Materials and Methods

No permits were required for the described study, which complied with all relevant regulations.

Plant Material

Four transgenic reduced-gliadin lines of Triticum aestivum cv. Bobwhite 208 (‘BW208’) and three transgenic reduced-gliadin lines of T. aestivum cv. Bobwhite 2003 (‘BW2003’), and their respective wild-type lines were assayed using a randomized complete block design with two replicates. Both wild types are spring wheat cultivars obtained by the CIMMYT from the cross CM 33203 with the pedigree Aurora//Kalyan/Bluebird/3/Woodpecker. Cultivar BW2003 has been selected for its high transformation efficiency, and carries the T1BL.1RS translocation from rye. On the other hand, BW208 derives from the SH 98 26 ‘Bobwhite’ line described as highly transformable by Pellegrineschi et al. [39], and does not contain the rye translocation. In the present study BW208 and BW2003 showed a total protein content of ∼11.6% and ∼10.5% of dry weight, respectively. The total gluten protein content (gliadins plus glutenins) was about 8.7% and 7.9% of dry weight, respectively for BW208 and BW2003.

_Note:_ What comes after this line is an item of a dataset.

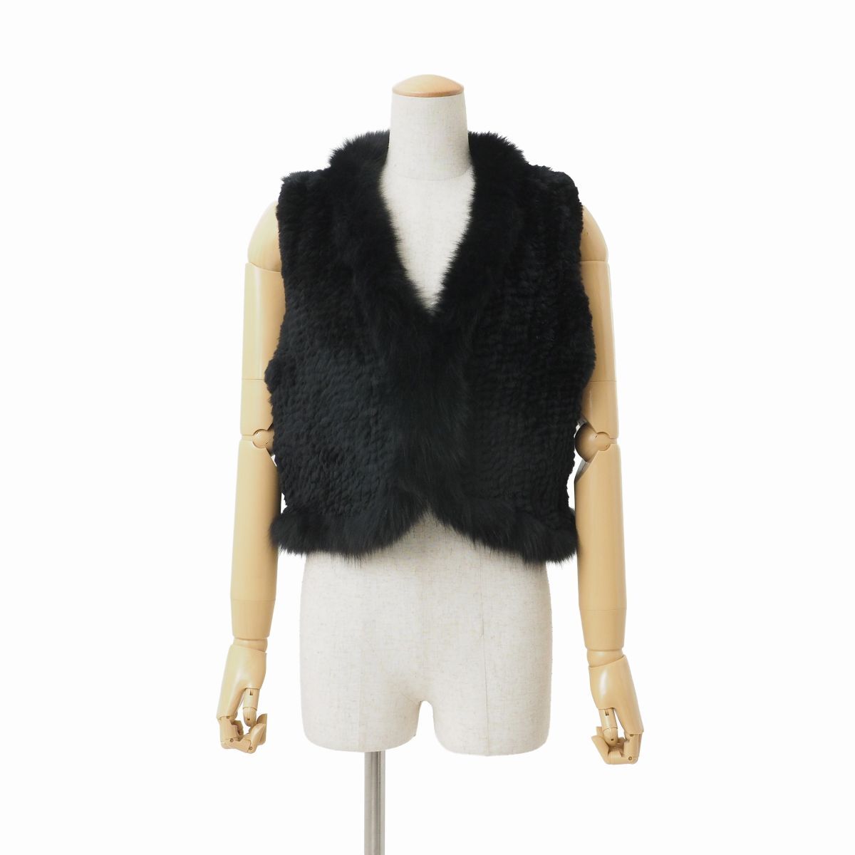 > GR9499▲未使用 PRIMATTIVO HANAE MORI SPORTS ハナエモリ ラビットファーヤーン ブルーフォックスファートリム ファーベスト ジレ 38

All the transgenic reduced-gliadin lines were reported previously in [25], and contained the inverted repeat (IR) fragment ω/α (vectors pGhp-ω/α and/or pDhp-ω/α) designed to down regulate all the groups of gliadins by RNAi. Transgenic lines were self-pollinated for 4–5 generations, and they showed normal phenotypes in comparison to their corresponding wild types.

Grain Milling

White flour was obtained from each of the two independent repetitions of the reduced-gliadin and wild-type lines. Grains were hydrated to 16.5% humidity by addition of distilled water in two steps (24 h and 20 h before milling) with continuous shaking. Hydrated seeds (1 kg) of each line were milled separately in two steps in a CD1 Chopin (Chopin Technologies, Villeneuve-la-Garenne Cedex, France) standardized test mill. In the first step white flour and wholemeal flour were obtained. The wholemeal flour was reloaded in a second step of milling, and the resultant white flour was blended with that obtained previously, resulting in a total yield of about 60%. Flour was stored at room temperature (RT) for a week. Commercial rice flour supplied by Harinera Derivats del Blat de Moro, S.L. (Parets del Vallés, Spain) was used to make the gluten-free control bread.

Bread Baking

Dough was prepared on a flour weight basis: for 300 g flour, 180 ml water (225 ml water for the rice flour), 3.6 g baker’s yeast (Saf-Instant, Lesaffre, France) and 4.8 g table salt were added. Ingredients were mixed in a Farinograph (Brabender GmbH & Co. KG, Germany) for 4 min, and rested for 10 min with a plastic film cover to avoid drying. Dough was divided manually (50 g) and dough pieces were rolled mechanically in a ball homogenizer (Brabender GmbH & Co. KG, Germany). Dough pieces were placed on aluminum trays and fermented for 45 min at 30°C. Dough pieces were baked in an electrical convection oven (Eurofours, Gommegnies, France). The baking process was performed at fixed oven temperature of 180°C for 16 min with 2 initial steam injections of 10 sec each. After baking, bread loaves were rested for 30 min at RT to cool down.

Bread Characterization

Bread weight and volume were determined in three loaves from each sample. Bread volume was determined by the rapeseed displacement method [40]. Moisture content of the loaves was determined following the ICC Method No. 110/1 [41], with a pre-conditioning step of the bread samples. Three loaves from each sample and their medial slices were scanned (HP Scanjet 4400C, Hewlett–Packard, USA), and height and width were determined to subsequently calculate the width/height ratio. Crust and crumb color was determined by a Chroma Meter CR-400 colorimeter (Konica Minolta Sensing Inc., Japan), and expressed in a CIE-L* a* b* color scale (CIE-Lab). The CIE-Lab color space is composed by three perpendicular axis: L*, a* and b*. These three coordinates indicate the lightness of the color (L*; where L = 100 indicates white color and L = 0 black color), and its position between green and red (a*; where negative values indicate green and positive values indicate red), and between blue and yellow (b*; where negative values indicate blue and positive values indicate yellow). Two independent measurements were made to each of the three loaves to determine crust and crumb color.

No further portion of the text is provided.